Bianca Pitzorno, Brigid Maher

The irresistible story of a young woman seeking freedom and happiness.

Born into poverty, the seamstress spends her days sewing in the houses of wealthy families. Her work is simple and honest; taught by her nonna, she skilfully prepares nightgowns, undergarments and children’s clothes, leaving the finer work of dressmaking to the ateliers in Paris.

Her story weaves in and out of the lives of the people she works for, whose secrets and scandals she is privy to. Some are kind and generous, others blinded by their desire to climb the social ladder. She dreams of freeing herself from the hardscrabble life she has inherited but can’t help being pulled back in by the love of the people around her.

Set at the dawn of the twentieth century, The Seamstress of Sardinia follows the girl as she grows into a woman, strives to educate herself and falls in love-always fighting for her independence in a world dominated by men and old social conventions.

Review

I think the beauty of The Seamstress of Sardinia is that it doesn’t pretend to be something it’s not. Bianca Pitzorno’s unadorned storytelling brings an honest and sympathetic clarity to the story of a modest young woman living a, mostly, quiet life that is underpinned but not totally defined by her poverty. We first meet her at the end of the 1800s when she is a little girl living with her seamstress grandmother after their family is decimated by cholera.
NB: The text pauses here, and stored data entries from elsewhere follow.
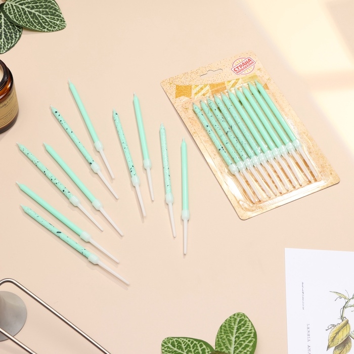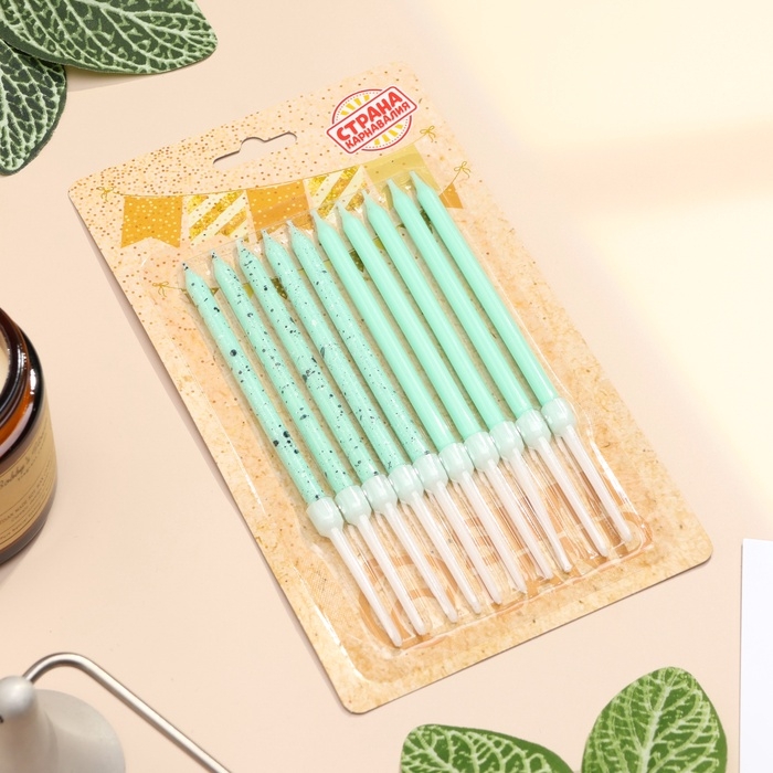 Свечи для торта "Блестящая вечеринка", 10 шт, голубые
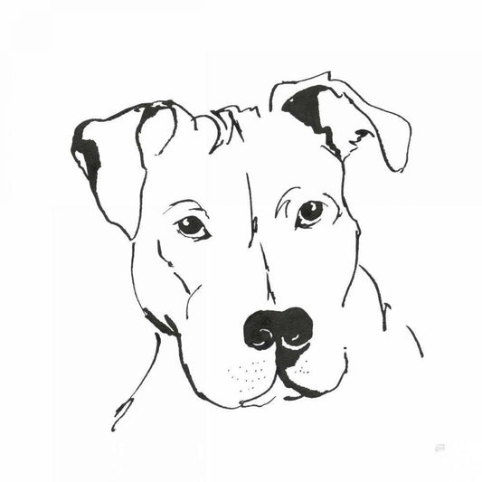 Line Dog Pitbull II White Modern Wood Framed Art Print by Paschke, Chris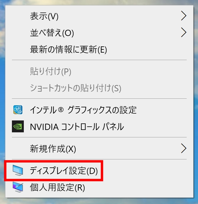 1.Windowsのデスクトップを右クリックし、ポップアップ表示されるメニューから「ディスプレイ設定(D)」をクリックします。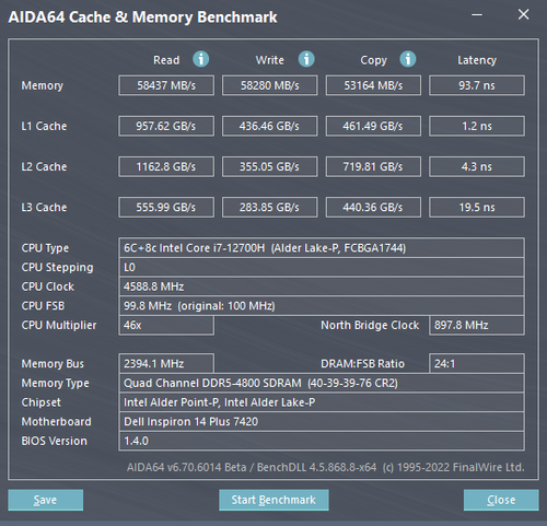 灵越14 Plus 7420搭配了两根DDR5内存,以“四通道”模式运行模式。其内存读取、写入、复制的性能均不错。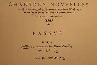 - Chansons nouvelles composées par Barthelemy Beaulegue excellent musicien. Et par luy mises en musique à quatre parties, et en quatre livres. Lyon : impr. de Robert Granjon, 1559 (ténor daté 1558). 4 vol. 8° obl., mus., texte en caractères de civilité[3].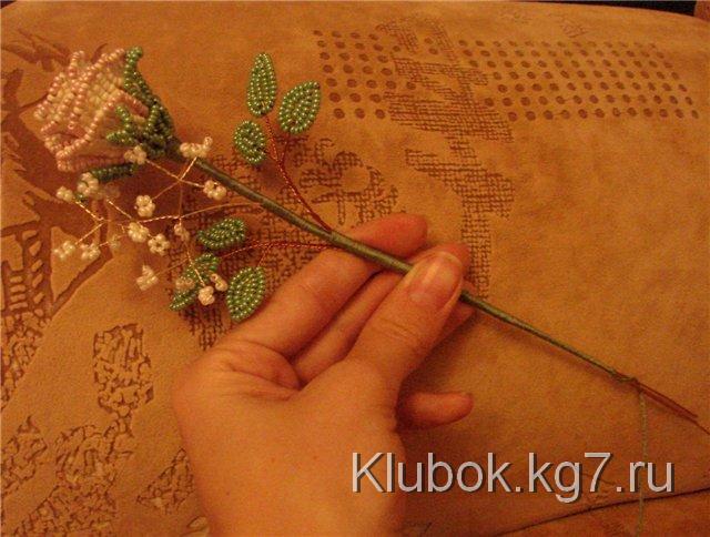Приблизительно через 5 см прикладываем нашу "мелочь" и приматываем её к стебельку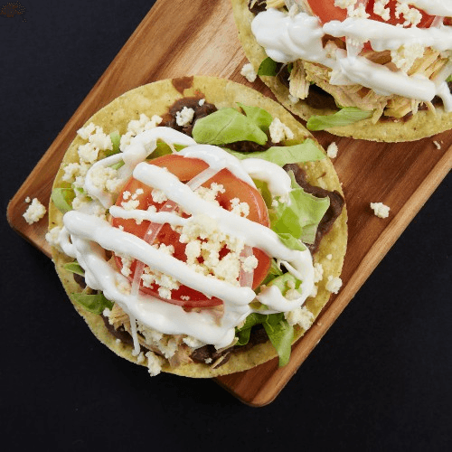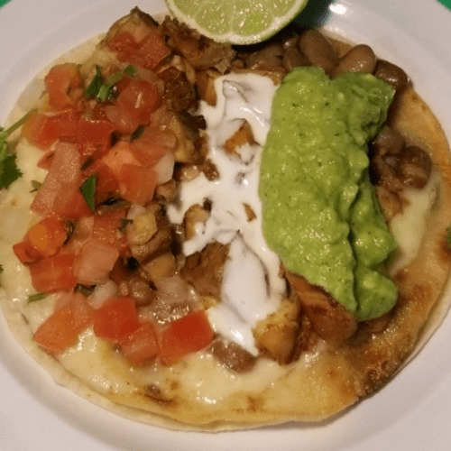 Meat choice, beans, lettuce, cheese, sour cream, & pico de gallo

She is taught the basics of sewing by this hardworking and independent woman who earns her living attending to the needs of wealthy families. The grandmother is a thrifty and wise woman, illiterate and practical, she can’t afford to provide schooling for her granddaughter but teaches her to know her place in society and, as she matures, to protect her safety.

The girl develops into a steadfast and observant worker. As she relates her stories of the households she works in, and the situations she is privy to, I admired her quiet dignity. Her mastery of the needle is exemplary, but it is her desire to educate herself and grab every opportunity to do so that really resonates. She has no illusions of grandeur; she purely wants to read and understand the world for her own enlightenment. I took vicarious pleasure in her resilience and the joys she got from small pleasures.
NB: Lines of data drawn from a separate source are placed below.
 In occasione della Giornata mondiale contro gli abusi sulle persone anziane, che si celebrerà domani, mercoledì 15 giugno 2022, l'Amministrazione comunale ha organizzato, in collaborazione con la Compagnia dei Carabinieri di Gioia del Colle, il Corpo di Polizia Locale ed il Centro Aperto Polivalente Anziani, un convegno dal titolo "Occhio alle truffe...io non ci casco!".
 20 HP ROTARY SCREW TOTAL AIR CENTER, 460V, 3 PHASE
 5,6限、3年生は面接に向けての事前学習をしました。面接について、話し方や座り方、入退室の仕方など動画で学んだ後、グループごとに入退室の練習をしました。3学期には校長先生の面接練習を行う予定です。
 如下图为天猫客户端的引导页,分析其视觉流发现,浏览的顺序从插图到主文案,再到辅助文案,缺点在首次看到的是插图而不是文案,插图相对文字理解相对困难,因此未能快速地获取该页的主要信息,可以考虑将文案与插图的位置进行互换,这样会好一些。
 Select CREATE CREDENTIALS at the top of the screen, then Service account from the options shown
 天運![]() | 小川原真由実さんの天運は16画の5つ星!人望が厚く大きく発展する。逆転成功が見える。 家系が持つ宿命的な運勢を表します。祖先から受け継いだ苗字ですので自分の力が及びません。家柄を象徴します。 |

The seamstress forms friendships with some of the wealthy families she works for and learns from their foibles and experiences, sometimes incredulous at their wealth and also at the staggering parsimony of others. She is an onlooker to intrigue and a society where liberties are many, but a stifling rigidity offset these. The juxtaposition of their lives with hers could not be more glaring and the forces they bring to bear when she doesn’t succumb to their bidding is chilling. I loved this wonderful young woman and how she never succumbs to self-pity but endures despite all the vicissitudes of life.